* Available data
┄┄┄┄┄┄┄┄┄┄

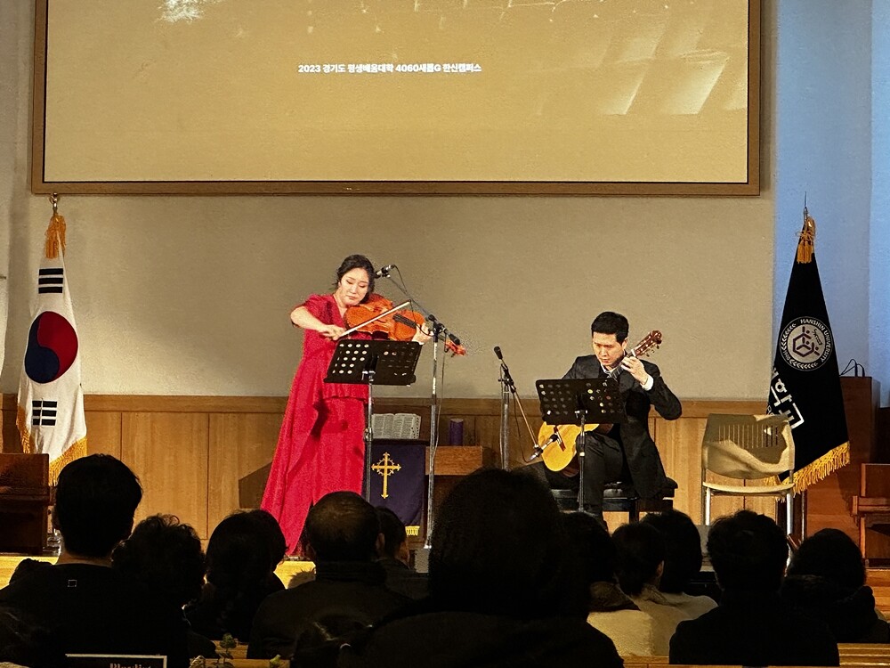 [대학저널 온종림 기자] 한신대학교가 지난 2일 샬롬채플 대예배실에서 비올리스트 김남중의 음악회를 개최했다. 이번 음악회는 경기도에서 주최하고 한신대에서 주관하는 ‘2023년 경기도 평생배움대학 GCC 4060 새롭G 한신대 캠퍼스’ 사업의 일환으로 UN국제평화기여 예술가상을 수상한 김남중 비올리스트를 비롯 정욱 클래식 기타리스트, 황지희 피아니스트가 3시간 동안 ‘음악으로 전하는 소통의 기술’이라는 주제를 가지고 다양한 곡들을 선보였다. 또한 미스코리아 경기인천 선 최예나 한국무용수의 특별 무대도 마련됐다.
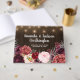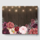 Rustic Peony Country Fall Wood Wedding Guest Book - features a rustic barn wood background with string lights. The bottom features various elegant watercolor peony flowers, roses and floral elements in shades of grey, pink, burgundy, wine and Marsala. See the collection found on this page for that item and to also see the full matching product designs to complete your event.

┄┄┄┄┄┄┄┄┄┄

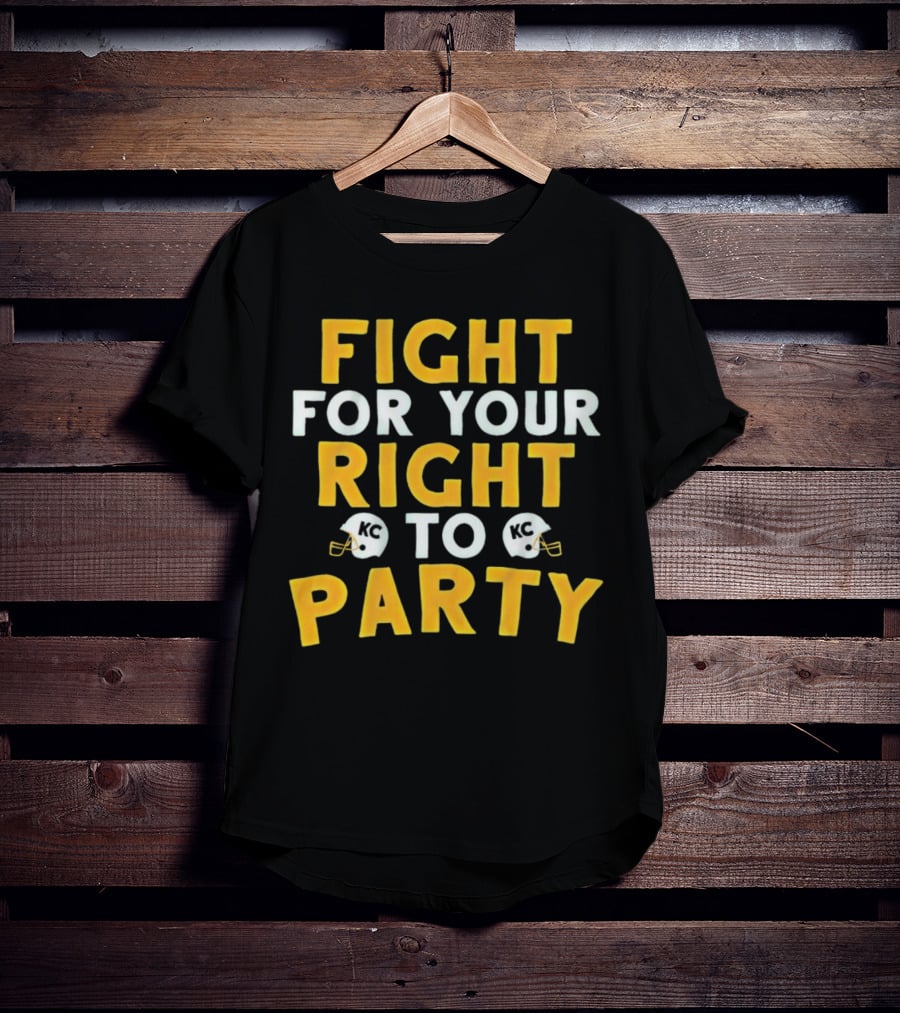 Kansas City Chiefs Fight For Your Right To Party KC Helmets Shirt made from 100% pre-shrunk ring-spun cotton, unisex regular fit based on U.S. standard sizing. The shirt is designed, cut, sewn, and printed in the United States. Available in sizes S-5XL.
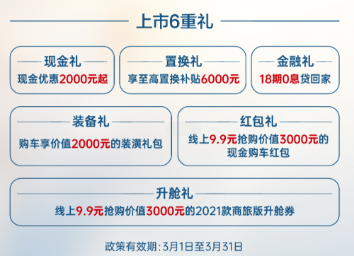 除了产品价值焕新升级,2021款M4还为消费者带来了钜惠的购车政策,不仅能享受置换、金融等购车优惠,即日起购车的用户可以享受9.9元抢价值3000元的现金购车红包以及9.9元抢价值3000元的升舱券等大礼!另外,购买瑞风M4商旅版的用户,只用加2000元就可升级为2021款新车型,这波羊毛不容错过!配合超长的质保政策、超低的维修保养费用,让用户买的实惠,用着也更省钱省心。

┄┄┄┄┄┄┄┄┄┄

* Exercise
Please repeat the lines of the material above exactly, starting with the line that contains "Kansas City Chiefs" and ending with the line that contains "除了产品价值焕新升级,202". Leave the pictures out.

* Problem solution
 Kansas City Chiefs Fight For Your Right To Party KC Helmets Shirt made from 100% pre-shrunk ring-spun cotton, unisex regular fit based on U.S. standard sizing. The shirt is designed, cut, sewn, and printed in the United States. Available in sizes S-5XL.
 除了产品价值焕新升级,2021款M4还为消费者带来了钜惠的购车政策,不仅能享受置换、金融等购车优惠,即日起购车的用户可以享受9.9元抢价值3000元的现金购车红包以及9.9元抢价值3000元的升舱券等大礼!另外,购买瑞风M4商旅版的用户,只用加2000元就可升级为2021款新车型,这波羊毛不容错过!配合超长的质保政策、超低的维修保养费用,让用户买的实惠,用着也更省钱省心。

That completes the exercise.